= DATA EXCERPTS =
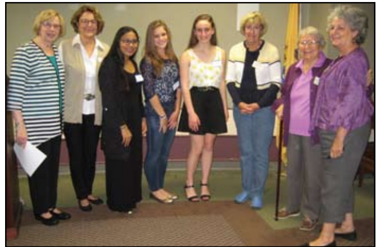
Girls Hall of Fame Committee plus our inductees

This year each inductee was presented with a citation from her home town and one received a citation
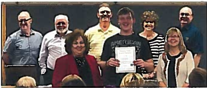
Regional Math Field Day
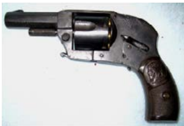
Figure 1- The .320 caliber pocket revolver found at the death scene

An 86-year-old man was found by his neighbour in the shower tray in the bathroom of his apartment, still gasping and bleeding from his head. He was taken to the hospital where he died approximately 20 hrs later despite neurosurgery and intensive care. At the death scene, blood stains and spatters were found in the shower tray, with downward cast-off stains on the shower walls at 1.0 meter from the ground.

--

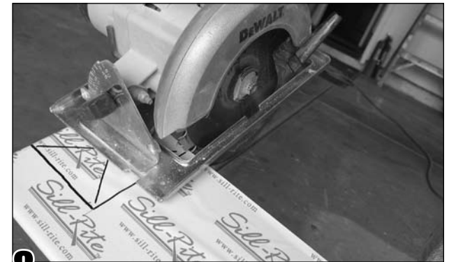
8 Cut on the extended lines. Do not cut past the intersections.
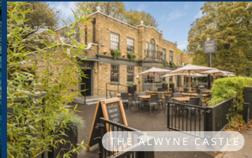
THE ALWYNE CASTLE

==

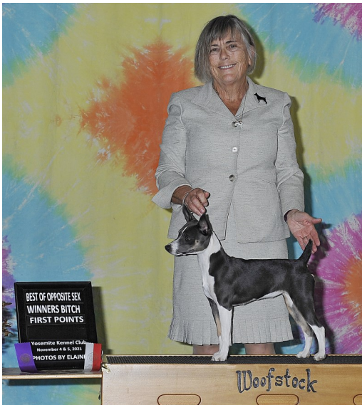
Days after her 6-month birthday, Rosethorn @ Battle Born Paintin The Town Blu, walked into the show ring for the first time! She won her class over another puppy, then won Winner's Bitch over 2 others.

= TO DO =
Using the data above, return the lines from the one holding "Regional Math Field Day" through the one holding "An 86-year-old man" exactly, but not the pictures.

= RESPONSE =
Regional Math Field Day
Figure 1- The .320 caliber pocket revolver found at the death scene

An 86-year-old man was found by his neighbour in the shower tray in the bathroom of his apartment, still gasping and bleeding from his head. He was taken to the hospital where he died approximately 20 hrs later despite neurosurgery and intensive care. At the death scene, blood stains and spatters were found in the shower tray, with downward cast-off stains on the shower walls at 1.0 meter from the ground.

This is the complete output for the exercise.